• [WORK TASK]: None of the pictures should be copied, though every line of the listing must be printed exactly.

• [GIVEN MATERIAL]:

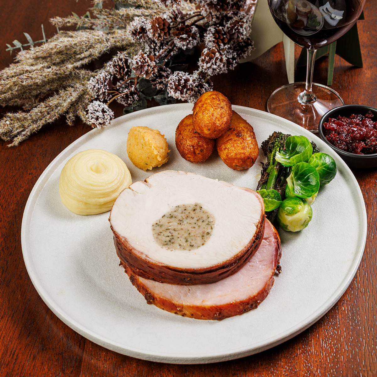 Individual sliced stuffed turkey & ham portions ready to heat & serve.
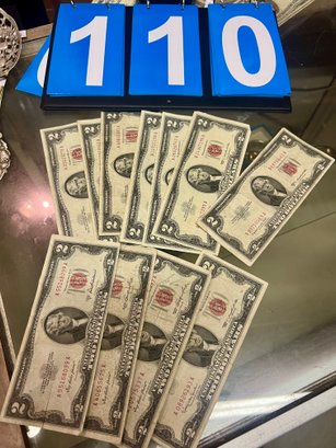Lot Of Currency Incl 11 $2 Dollar Bills In Plastic Storage Sleeve
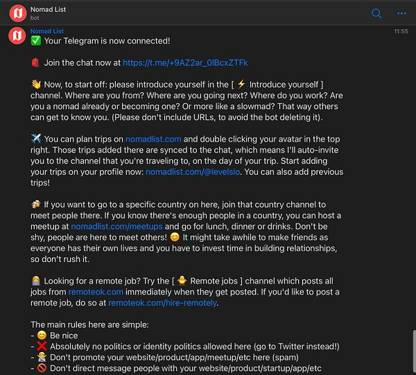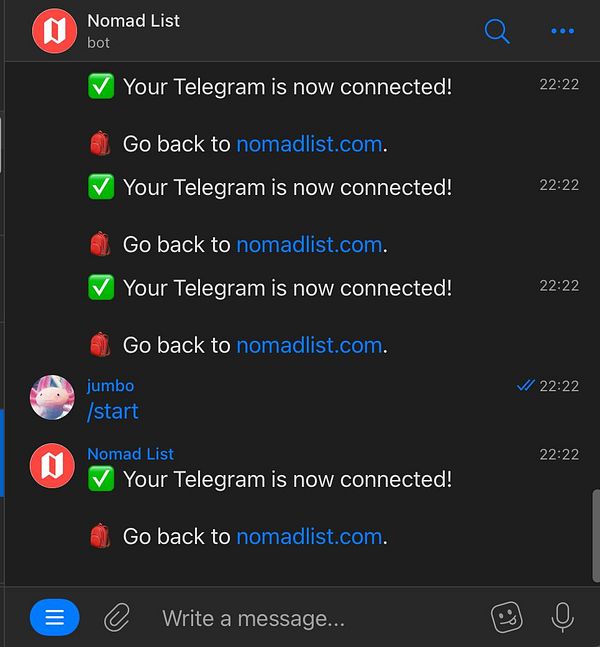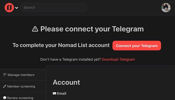 if user enters #nomads Telegram chat with the secret link and they don’t have their Telegram connected (which after they get the secret link) then immediately kick and ban and unban them so they can try again

• [WORKED SOLUTION]:
 Individual sliced stuffed turkey & ham portions ready to heat & serve.
Lot Of Currency Incl 11 $2 Dollar Bills In Plastic Storage Sleeve
 if user enters #nomads Telegram chat with the secret link and they don’t have their Telegram connected (which after they get the secret link) then immediately kick and ban and unban them so they can try again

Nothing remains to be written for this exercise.